Why do we build TARS?

While reasoning or test-time compute has been shown to improve safety, it remains unclear what the best practices are or what the general recipe is to achieve reasoning models with strong safety and less over-refusal. Key questions include: How should we design the training data? Should we use SFT or RL? What reward functions encourage generalization rather than shortcuts such as refusing to every prompt? To address this, we create an online reinforcement learning recipe with three design choices (ingredients) and train Qwen 2.5 1.5B Instruct into a reasoning model that achieves strong performance on the safety-refusal trade-off. The ablations that led to these design choices are in our paper.

Results

TARS has a better safety-refusal trade-off than existing open-weight models and defenses such as circuit breakers. TARS is also more effective than other training methods such as SFT, DPO, and RL without reasoning. (Skip to results)

TARS Recipe

We identify three critical design choices: (1) a ''lightweight'' warmstart SFT stage, (2) a mix of harmful, harmless, and ambiguous prompts to prevent shortcut behaviors such as too many refusals, and (3) a reward function to prevent degeneration of reasoning capabilities during adversarial training.

Ingredient 1: Lightweight SFT

During the SFT warmup stage before online RL training, we found that lightly training with early stopping and a low learning rate increases generation diversity and gives better exploratory behavior during RL. This improves the safety-refusal trade-off after online RL.
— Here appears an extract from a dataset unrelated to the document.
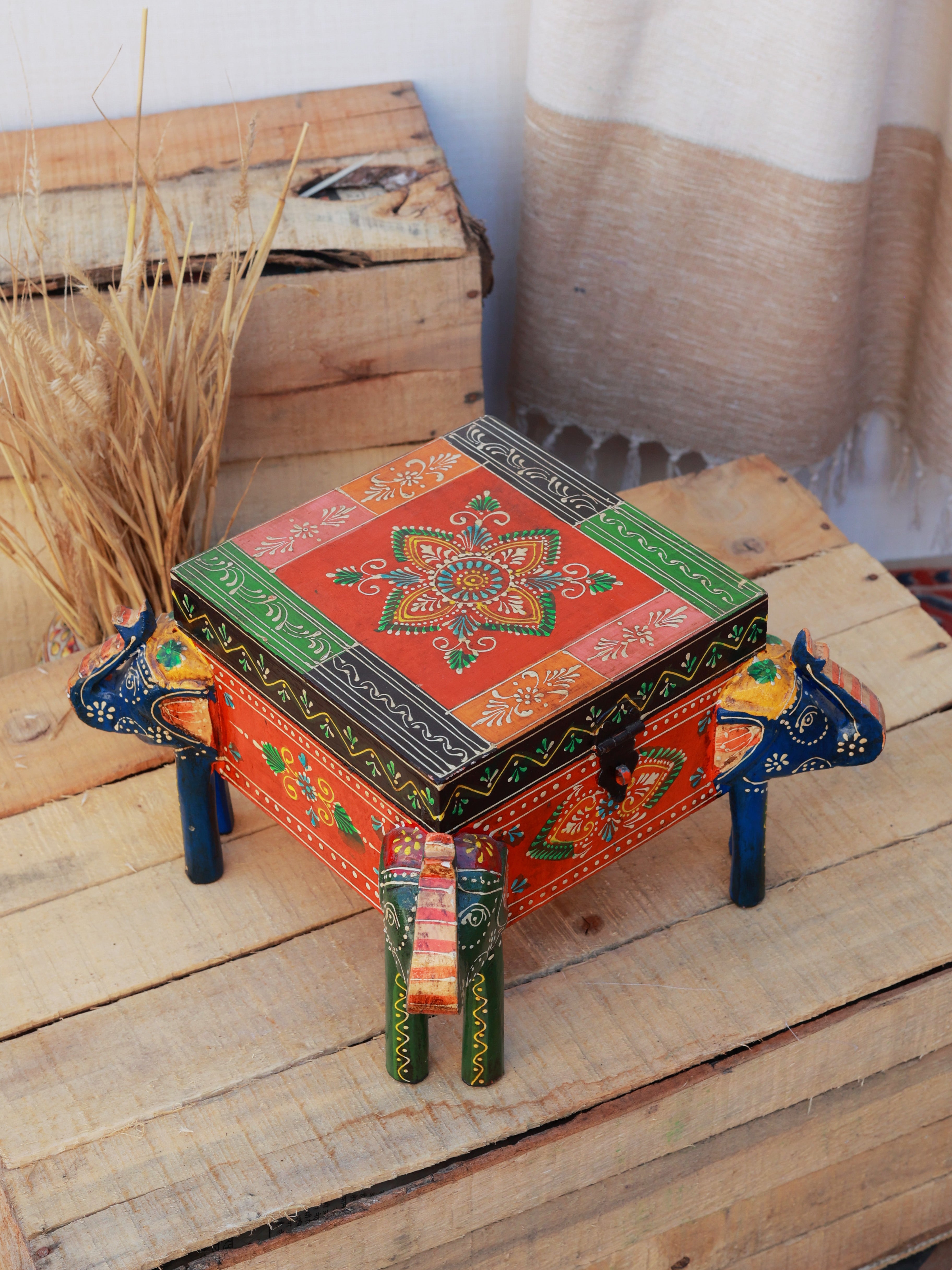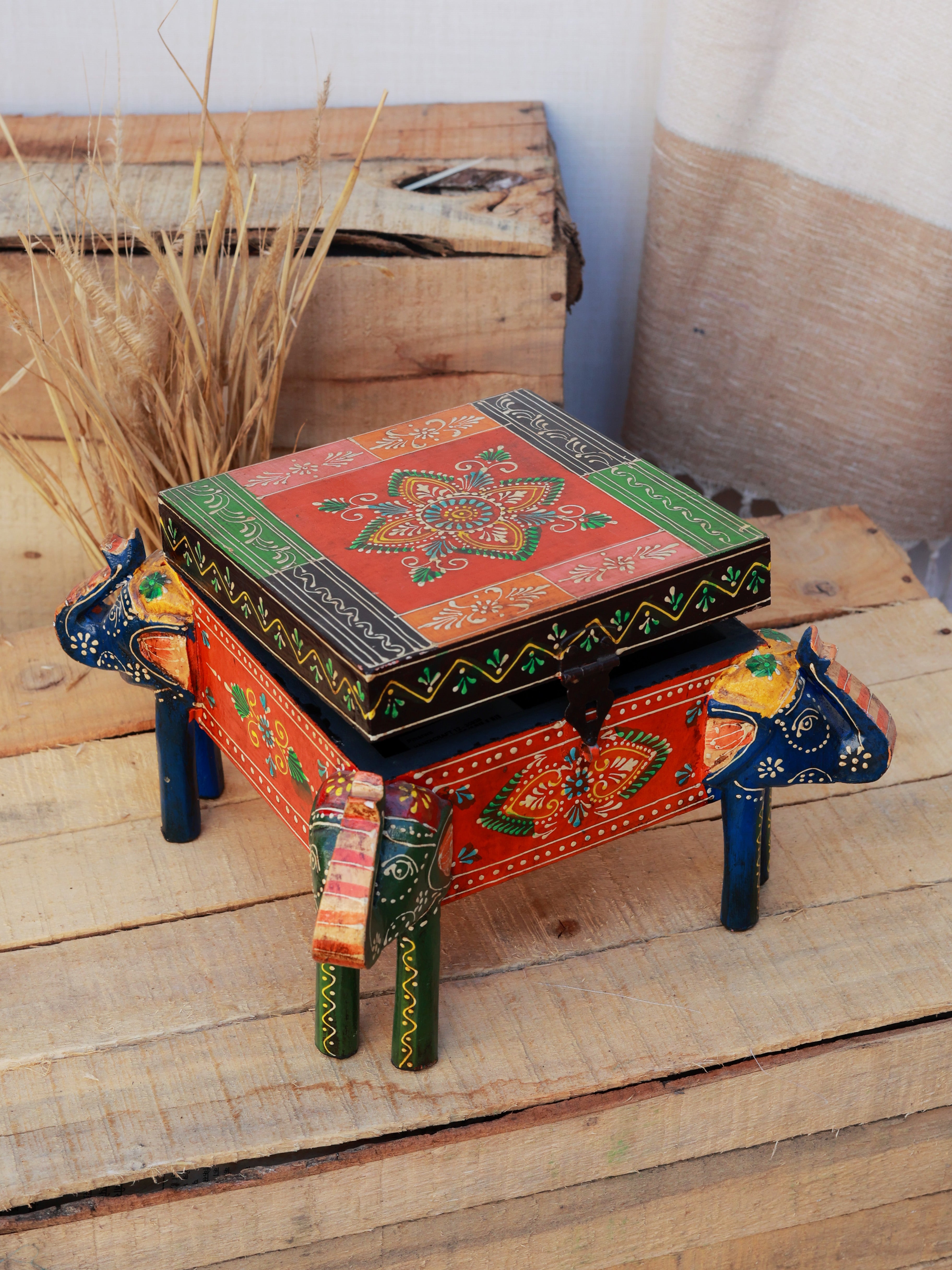 The Rangrez Elephant Mini Treasure Box is a vibrant piece of traditional Indian craftsmanship. Hand-painted with intricate elephant motifs and colorful patterns, this miniature box is perfect for storing small keepsakes, jewelry, or trinkets. Its charming design and sturdy build make it a delightful décor accent for shelves, tabletops, or display corners. A fusion of art and functionality, it brings color, culture, and elegance to any space.

Ingredient 2: Mixing Prompts

Training on solely harmful prompts with a safety reward during RL leads to degenerate reasoning traces and over-refusal on harmless prompts. Thus, we mix in harmless prompts with a task completion reward to encourage reasoning which carries over to harmful prompts.

Ingredient 3: Reward Design

Splitting the reward model into safety and helpfulness rewards increases exploration leading to a wider safety-refusal trade-off.

How effective is TARS?

Best Safety-Refusal Trade-off!

TARS Results

Even better than Circuit Breakers!

TARS vs Open-Source Models Safety Comparison

We compare TARS-trained models with other training methods (SFT, DPO, and RL without reasoning) on the safety-refusal trade-off. For a fair comparison, we train on the same prompts with a similar amount of compute. We evaluate for safety on Harmbench averaged across four attacks (GGC, PAIR, AutoDAN, PAP) and for over-refusal on XSTest. As shown above, models trained with TARS achieve the best safety-refusal trade-off. This means that they defend well against jailbreak attacks and are helpful on harmless prompts without over-refusing.

We also compare TARS-trained models against Llama 3.1 8B Instruct, Llama 3.2 1B Instruct, and Circuit Breakers (Llama RR, Mistral RR), which are also 7-8B. For circuit breakers, we retrain from the base model after removing XSTest from the training data to prevent data contamination. We see that TARS-trained models achieve a better safety-refusal trade-off than Llama models. For circuit breakers, Llama RR is comparable to TARS with a slightly lower performance on the safety-refusal trade-off. Mistral RR, on the other hand, has high refusal rates. We found that Mistral RR learns to output gibberish as an overcautious defense. Furthermore, our comparison highlights that our smaller model (1.5B) can be safer and more helpful than larger models (Llama RR: 8B) when trained to reason with TARS.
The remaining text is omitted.